- [Work required] Scan the records below for the line with "La piedras que" and the line with "(1) 7in x 2in", and retype that range exactly, both ends included, pictures excepted.

- [Supplied material]

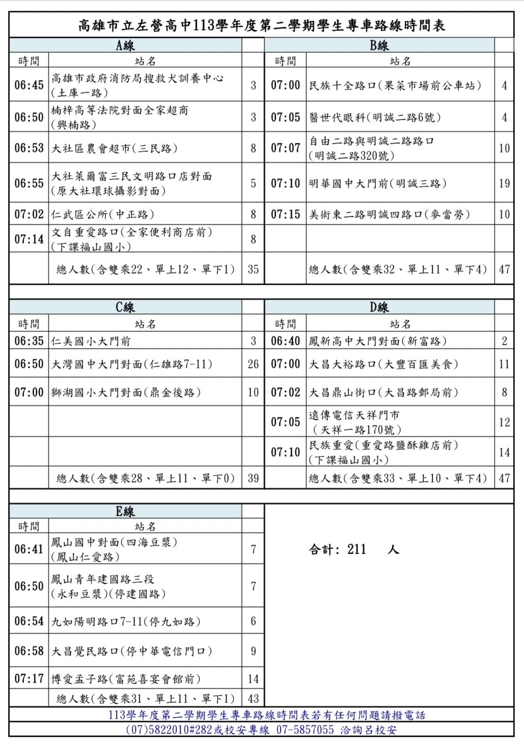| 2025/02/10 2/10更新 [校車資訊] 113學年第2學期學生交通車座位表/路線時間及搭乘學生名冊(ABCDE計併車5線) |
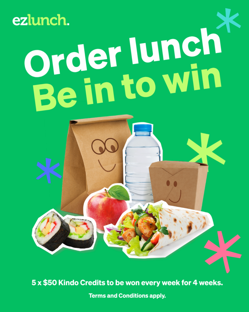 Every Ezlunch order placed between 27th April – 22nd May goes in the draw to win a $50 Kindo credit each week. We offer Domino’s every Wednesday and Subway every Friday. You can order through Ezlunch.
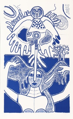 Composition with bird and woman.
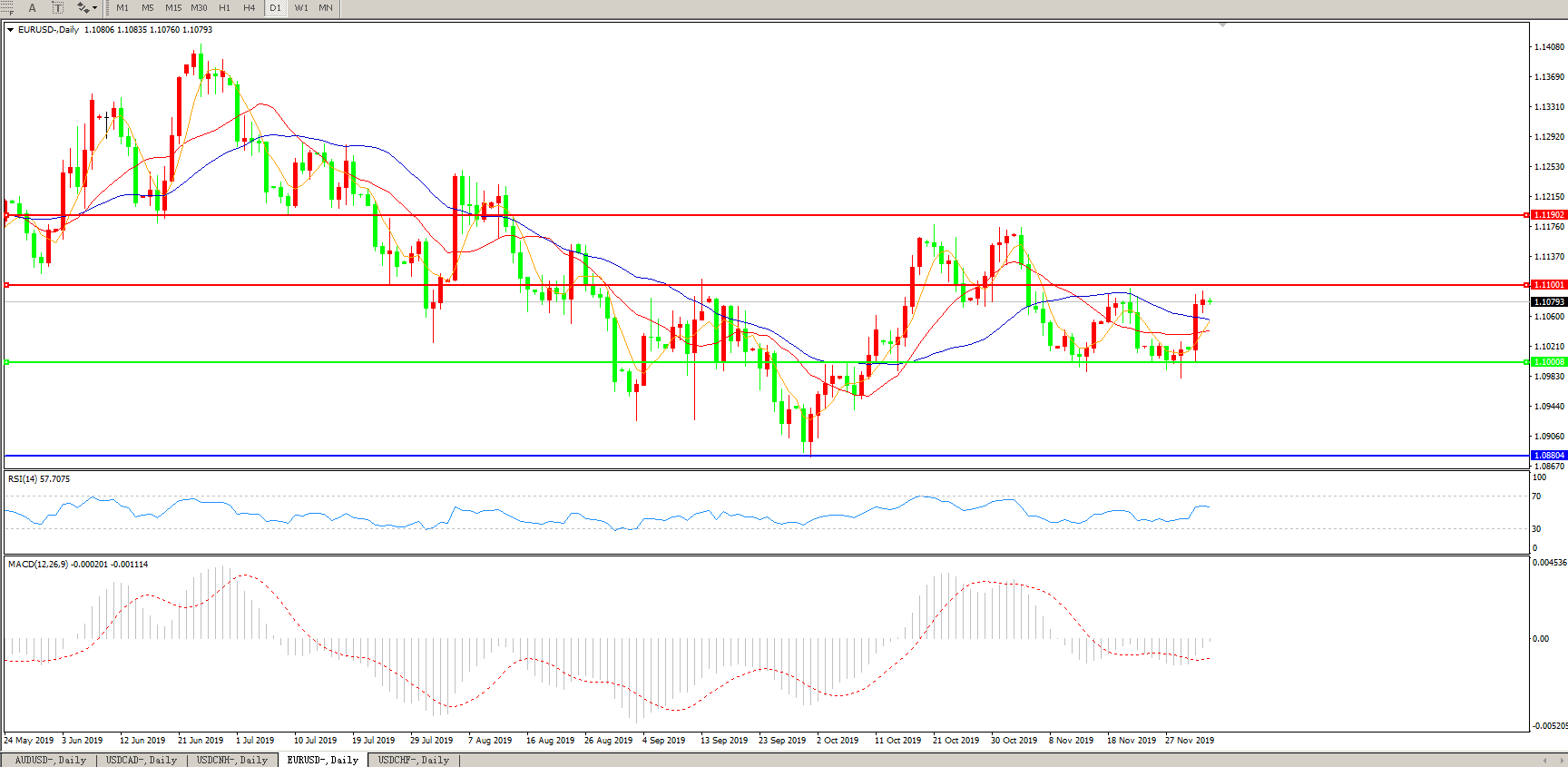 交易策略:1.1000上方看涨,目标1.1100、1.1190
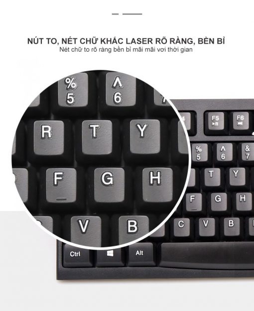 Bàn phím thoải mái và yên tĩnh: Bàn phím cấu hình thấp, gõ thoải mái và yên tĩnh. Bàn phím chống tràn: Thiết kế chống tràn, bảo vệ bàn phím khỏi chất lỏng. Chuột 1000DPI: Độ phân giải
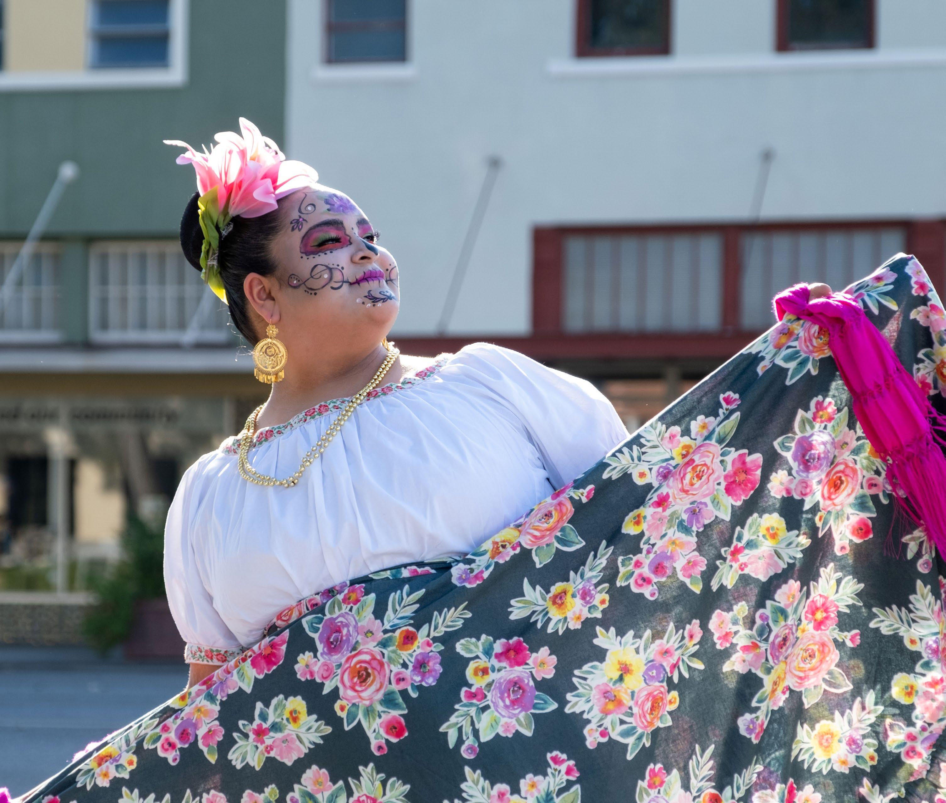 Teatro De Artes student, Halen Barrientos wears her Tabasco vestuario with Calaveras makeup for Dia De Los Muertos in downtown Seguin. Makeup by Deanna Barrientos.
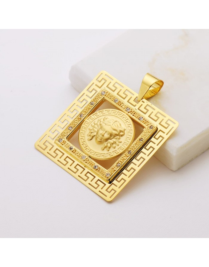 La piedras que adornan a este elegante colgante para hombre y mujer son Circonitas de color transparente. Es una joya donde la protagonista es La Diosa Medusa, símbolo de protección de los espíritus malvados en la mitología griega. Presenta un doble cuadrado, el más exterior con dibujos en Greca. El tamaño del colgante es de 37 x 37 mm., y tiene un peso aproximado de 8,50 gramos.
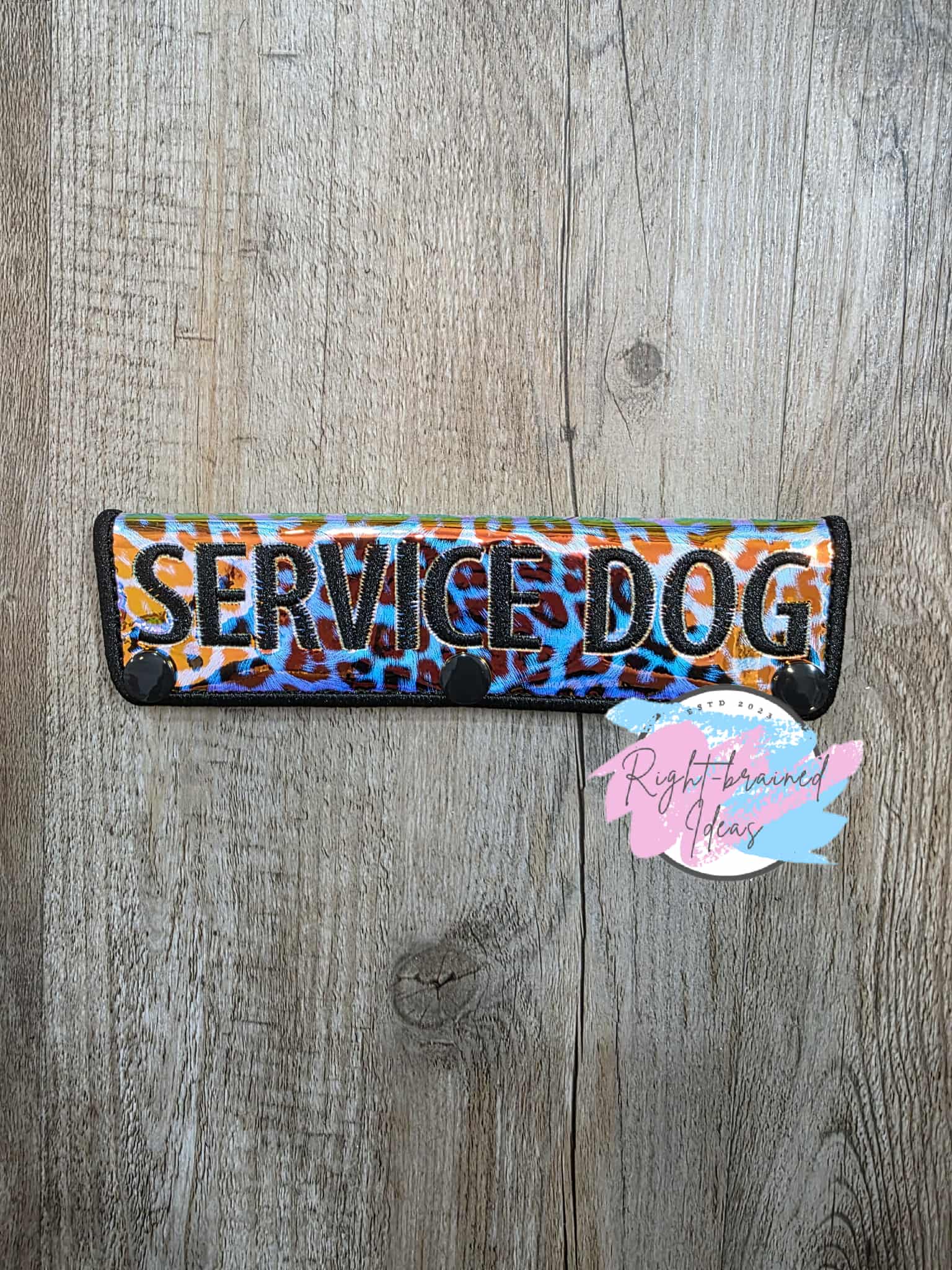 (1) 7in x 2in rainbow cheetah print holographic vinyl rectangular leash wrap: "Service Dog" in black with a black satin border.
* * *
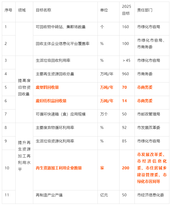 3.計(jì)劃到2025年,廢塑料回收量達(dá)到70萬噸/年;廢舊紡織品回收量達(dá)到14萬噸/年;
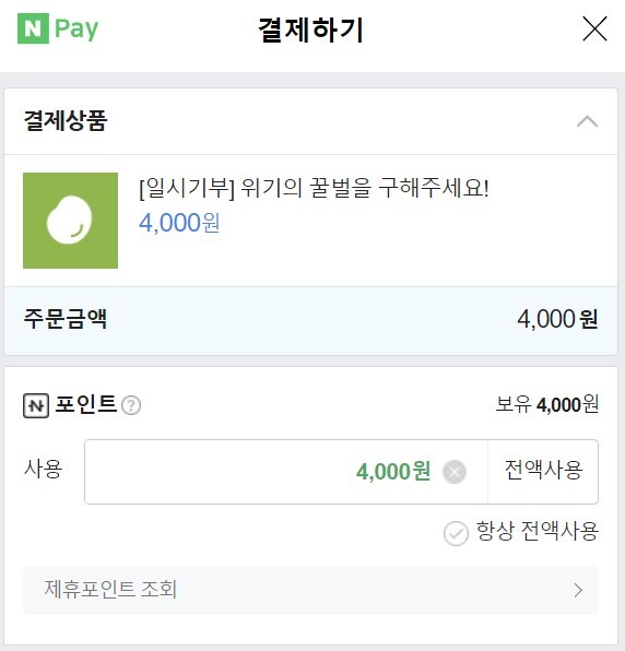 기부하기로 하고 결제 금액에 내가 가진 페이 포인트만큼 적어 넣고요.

- [Completed exercise]
 La piedras que adornan a este elegante colgante para hombre y mujer son Circonitas de color transparente. Es una joya donde la protagonista es La Diosa Medusa, símbolo de protección de los espíritus malvados en la mitología griega. Presenta un doble cuadrado, el más exterior con dibujos en Greca. El tamaño del colgante es de 37 x 37 mm., y tiene un peso aproximado de 8,50 gramos.
 (1) 7in x 2in rainbow cheetah print holographic vinyl rectangular leash wrap: "Service Dog" in black with a black satin border.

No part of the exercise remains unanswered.